In August 2015, a dust storm blanketed large areas of seven Middle East nations in a haze of dust and sand thick enough to obscure them from satellite view. The storm led to several deaths, thousands of cases of respiratory ailments and injuries, and canceled airline flights and closed ports.


At the time, the storm’s unusual severity was attributed to the ongoing civil war in Syria by media outlets in the Middle East, Europe and the United States. Reports blamed the conflict for changes in land use and cover—and for activities like increased military traffic over unpaved surfaces and farmers reducing irrigation or abandoning agricultural land—that created extreme amounts of dust to fuel the storm.

Now, a team of researchers including Elie Bou-Zeid an associate professor of civil and environmental engineering at Princeton who experienced the storm while in Lebanon, have found a more likely cause for the unprecedented storm—it was not human conflict, but a combination of climatic factors and unusual weather.

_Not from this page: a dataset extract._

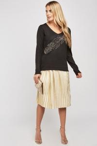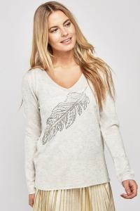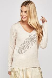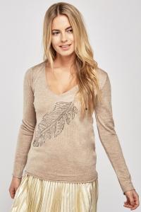 Encrusted Feather Front Knit Top

While reduced vegetation cover and soil disturbance can make more sediment available for emission in dust storms, the researchers say, the widely reported link between the storm and the fighting in Syria was untested and lacked empirical support. “The reports suggesting that this was related to the conflict in Syria were not supported by any research,” Bou-Zeid said. “It was just hypotheticals thrown into the air.”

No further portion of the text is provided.